Könnte der Blütenstecher sein.
Weitere Schädlinge findest Du auf der o. g. Seite auch.


----------



## Frank (24. Mai 2009)

*AW: Rosenstämmchen*

Hi ihr zwei,

@ Dodi

die Site ist nicht schlecht, auch von wegen der Rosenpflege. 

@ Rut
Ooooh Mensch, irgendwie sieht man hin und wieder den Wald vor lauter Bäumen nicht mehr, oder hat mich die ganze Fotografiererei schon so mischugge gemacht ...
Ich habe ebenfalls schon daran gedacht mal bei einem hiesigen Gärtner nachzufragen.
Allerdings habe ich mich gefragt, wie ich es ihm am besten erklären kann: Nur beschreiben? Würde er vllt. nicht richtig verstehen was ich meine.
Ok, Foto machen, ausdrucken und vorlegen. Gute Idee - aber leider auch sehr aufwendig. :?

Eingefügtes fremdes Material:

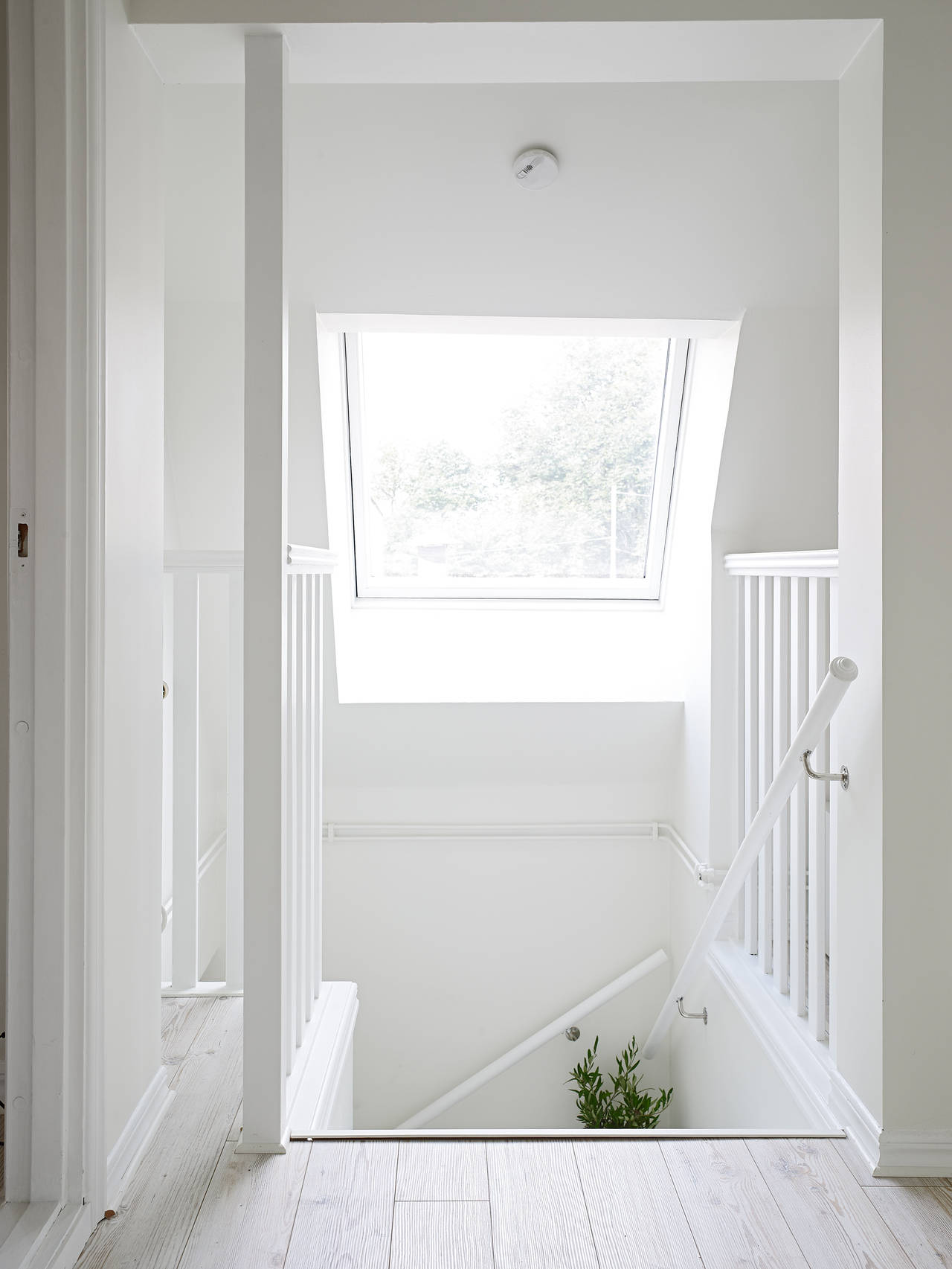 Białe schody prowadzące na poddasze totalnie mnie oczarowały:

Und dann kommst du mal eben daher und erzählst mir das ich einfach ein Blatt mitnehmen soll. 
Nee, nee, nee, die einfachsten Dinge ...  

Danke dir für deinen Ratschlag.


----------



## MarcusNham (24. Mai 2009)

*AW: Rosenstämmchen*

Moin Frank!

Ich nehme bei Rosenbefall von Schädlingen immer ne Sprühflasche mit Wasser / Apfelessig Gemisch. Jeden Tag einmal einsprühen und nach 3-4 Tagen ist meistens Ruhe.

Gruß Marcus


----------



## Frank (24. Mai 2009)

*AW: Rosenstämmchen*

Hi Marcus,

das kann ich auch mal versuchen. Kannst du noch was zum Mischungsverhältnis sagen?


----------



## 69pflanzenfreund69 (24. Mai 2009)

*AW: Rosenstämmchen*

Hi Frank,

ich hab da mal nen bild von nem raupenbefall an einem trieb. bisher hab ich die aber noch nicht so schön fressen gesehen, der trieb musste leider ab  - wenn die nächte sehr warm und einiges an wind da ist sprüh ich die blätter, vorallem die blattunterseiten abends mit dem schlauch ab - mit der brause. das hat eigentlich ganz gut gefunzt und den rosen nicht sonderlich geschadet machs allerdings nicht an nem windstillen abend, da besteht dann mehltaugefahr.


----------



## Christine (24. Mai 2009)

*AW: Rosenstämmchen*

Hallo Frank,

die erste Rose hat bestimmt eine Raupe als Bewohner. Die sind manchmal sowas von gut getarnt... da kannst Du nur suchen, suchen, suchen.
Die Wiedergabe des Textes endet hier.